Blaike's voice was quiet. "Couldn't it be they enter by such a method as blackbirding?"
This was why the F.B.I. was searching for the Blackbirder. They couldn't chance the entrance of dangerous aliens among honest refugees. Nor the escape dangerous aliens over the same route. Somehow she hadn't thought of it that way. The Blackbirder to her had been only a shadowy figure of refuge. He was still that but a sinister blackness darkened his shadow. His helping wings could be abused. She shook away the tremor.
The heroine of Hughes' gripping thriller has been in hiding in the States since her perilous escape from France. She cannot take her safety for granted, for she is connected to some very powerful and very bad people. Moreover, she has lost contact with the love of her life. Then, one night in New York, she is recognised, and must flee for her life – south to New Mexico to find the blackbirder and search for her lover. But the FBI is on her track, and it looks like the Gestapo is catching up too… 

The atmosphere of a country that may not be sanctuary it seems is brilliantly evoked by Hughes – who can you trust? If you want to read some Hughes, I suggest In a Lonely Place {REVIEW} -- one of the best books I read in 2011.



I had very high hopes for this book, hoping it might be a bit of a World War Two meets CSI with better frocks. And it is that. Molly Lefebure was a journalist in the early 1940s when she accepted a secretarial post with the not-quite-as-famous-as-Spilsbury pathologist Dr Keith Simpson.

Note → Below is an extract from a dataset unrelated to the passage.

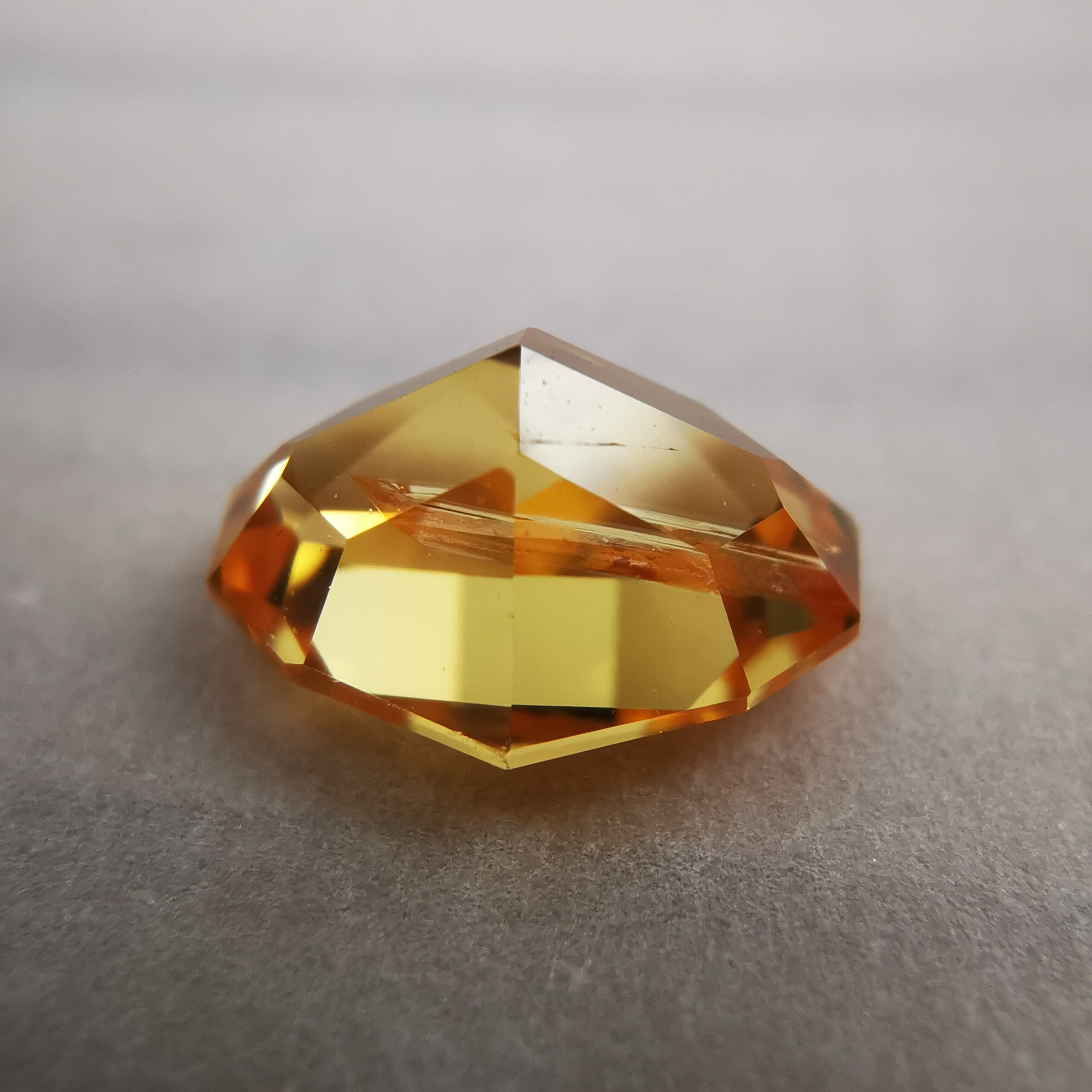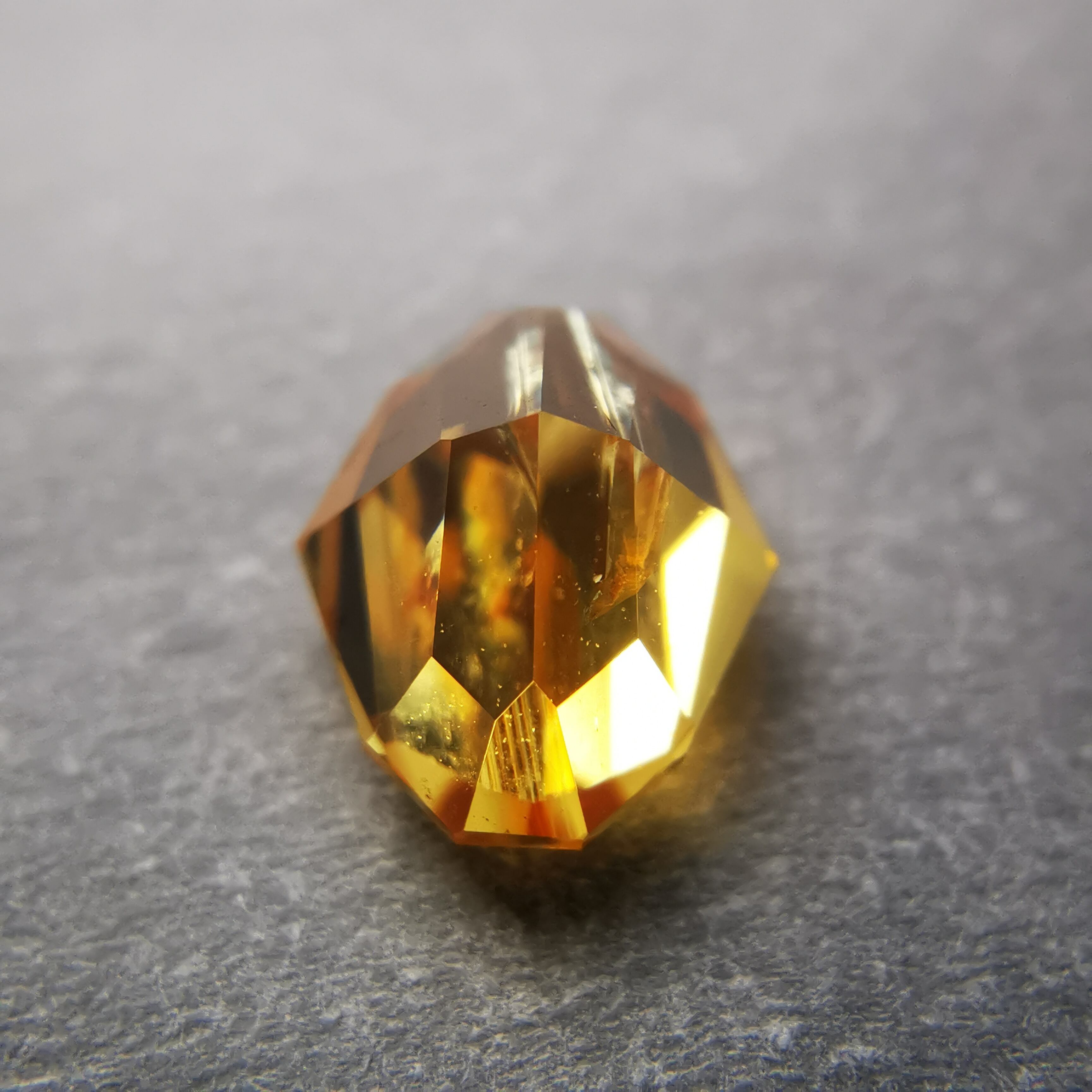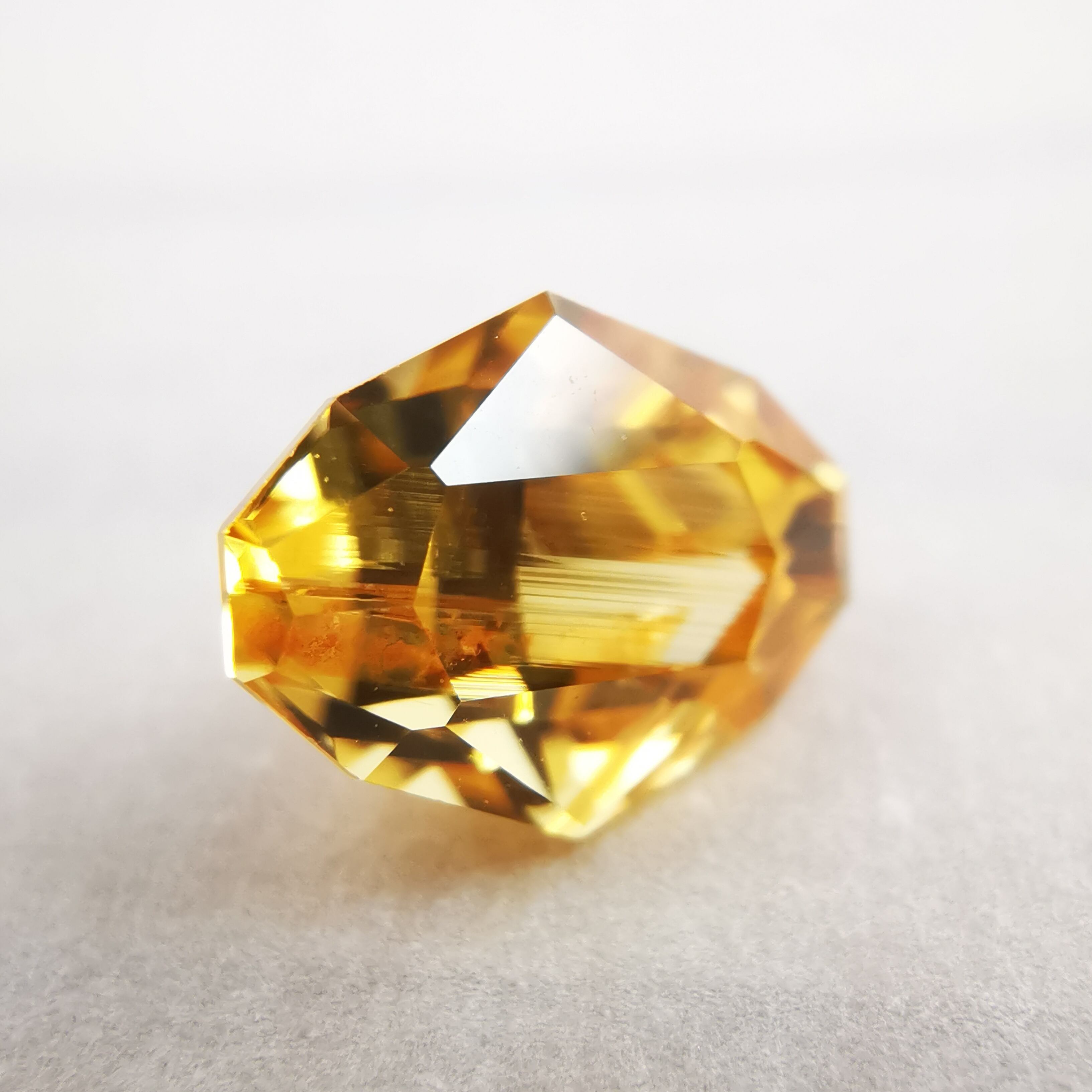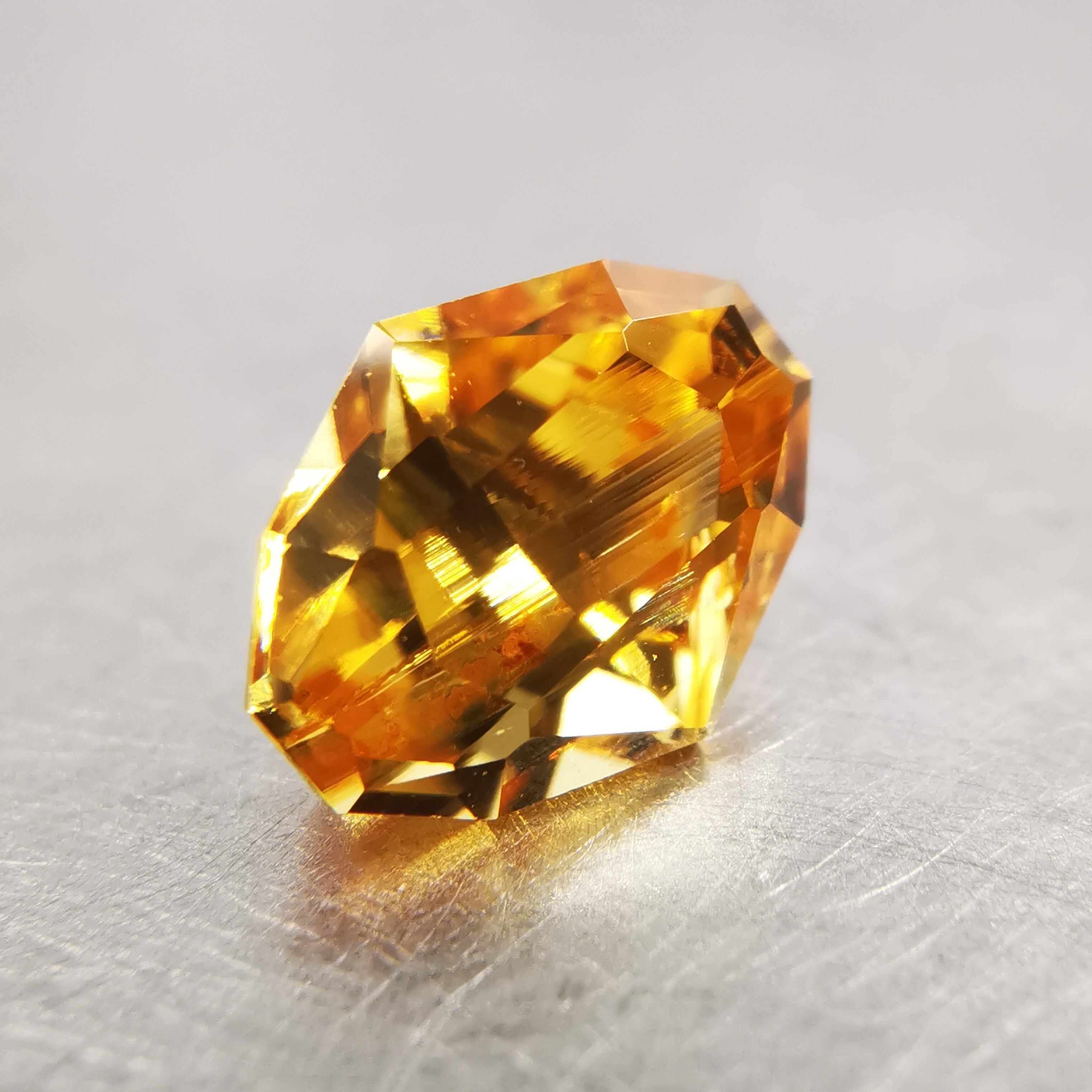 イエローの中に、オレンジ色の帯状のインクルージョンが大きく入り、太陽の光をその暖かさごとギュッと凝縮したような独特の色になりました。

She took her type-writer and shorthand pad into the mortuaries of London and the surrounding areas to take down Dr Simpson's autopsy findings verbatim. Throughout the war she was witness to some of the most famous investigations of horrible crimes; then, in 1954 she published this book as a record of her wartime service. 

The reissue comes at an interesting time, I think – as the romanticized vision of Londoners in the Blitz is being subject to a bit of a more or less candid debunking. Yes, people were tremendously brave – but the war also allowed a lot of clandestine activity to flourish under the blackout. It was also often hard to bring criminals to justice – given the ease with which they might be shipped out or return overseas or be blown to bits before they could be charged. Lefebure's narrative is perhaps not for the squeamish, though I was more troubled by something else, namely her constant air of occupying the higher moral ground to her victims: she has little sympathy for a fifteen year good-time girl who is strangled by two US soldiers, "more a matter of sordid accident than murder". The same judgement is not applied to a fourteen year old innocent, assaulted on her way home from Sunday School. Her remarks on prostitutes (that 'ancient but abysmal profession'), the lower classes, and the poor in general are achingly snobbish ("I wondered… why the State cannot prosecute people for being dirty"). She's quite a fan of hanging. 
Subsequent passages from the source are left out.